Mas Lisa Curtis, especialista em Índia do think-tank CNAS, diz não acreditar que as acusações terão um impacto de longo prazo nas relações entre EUA e Índia porque a administração Biden investiu muito em aprimorar seu relacionamento com Nova Déli sob Modi.

"Somente se o primeiro-ministro Trudeau apresentar evidências críveis do envolvimento indiano, Biden poderá responder", diz Curtis. "Mesmo assim, a equipe de Biden, que vê a Índia principalmente através de uma lente da China, buscaria limitar as consequências e manter as relações em um nível relativamente equilibrado."

Embora Trudeau tenha sido vago sobre quais informações possui, a emissora estatal do Canadá, CBC, citando fontes governamentais não identificadas, informou na quinta-feira que autoridades haviam "reunido inteligência humana e via interceptações" em torno da morte de Nijjar por meses, incluindo comunicações envolvendo autoridades indianas. O governo também buscou a cooperação de Nova Déli na investigação antes de fazer suas acusações, disse a CBC.

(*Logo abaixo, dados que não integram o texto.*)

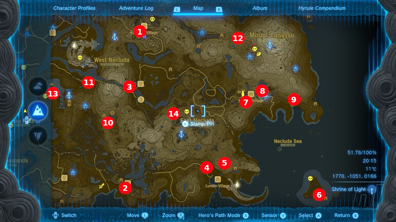 Розташування святині: на далекому сході Неклюди, на схід від стародавньої технічної лабораторії Хатено, є низка заток уздовж узбережжя Хатено. Спливіть зі скелі технічної лабораторії на схід, і ви потрапите до затоки Діпбек. Тут на піщаному пляжі можна знайти вхід до печери Deepback Bay, він веде в гори на північ. У печері Deepback Bay Cave є кілька потужних Horriblins, тому будьте обережні – ви можете влучити в них зі стелі стрілою і добивати їх, коли вони одужають. Печерну камеру, в якій зберігається храм Анедамімік, затопило, і вам потрібно буде осушити воду, щоб дістатися до неї. Шукайте отвір, що веде вниз на південний захід від святилища.

Enquanto os aliados estrangeiros da Índia pesam suas palavras, não há sinal de qualquer repercussão doméstica para Modi. Na sexta-feira, os canais de notícias indianos, muitos dos quais geralmente adotam uma linha nacionalista e pró-Modi, passaram para outras histórias, incluindo imagens de mulheres aplaudindo o primeiro-ministro no parlamento do país depois que o governo obteve amplo apoio na quinta para um projeto de lei que reserva um terço dos assentos para deputadas.

"Isso destaca as tensões inerentes na parceria crescente entre o Ocidente e a Índia", diz Hervé Lemahieu, diretor de pesquisa do Lowy Institute da Austrália. "Ainda existem grandes diferenças entre como o Ocidente vê o mundo e como a Índia vê o mundo, e isso continuará sendo uma fonte de tensão nos próximos anos."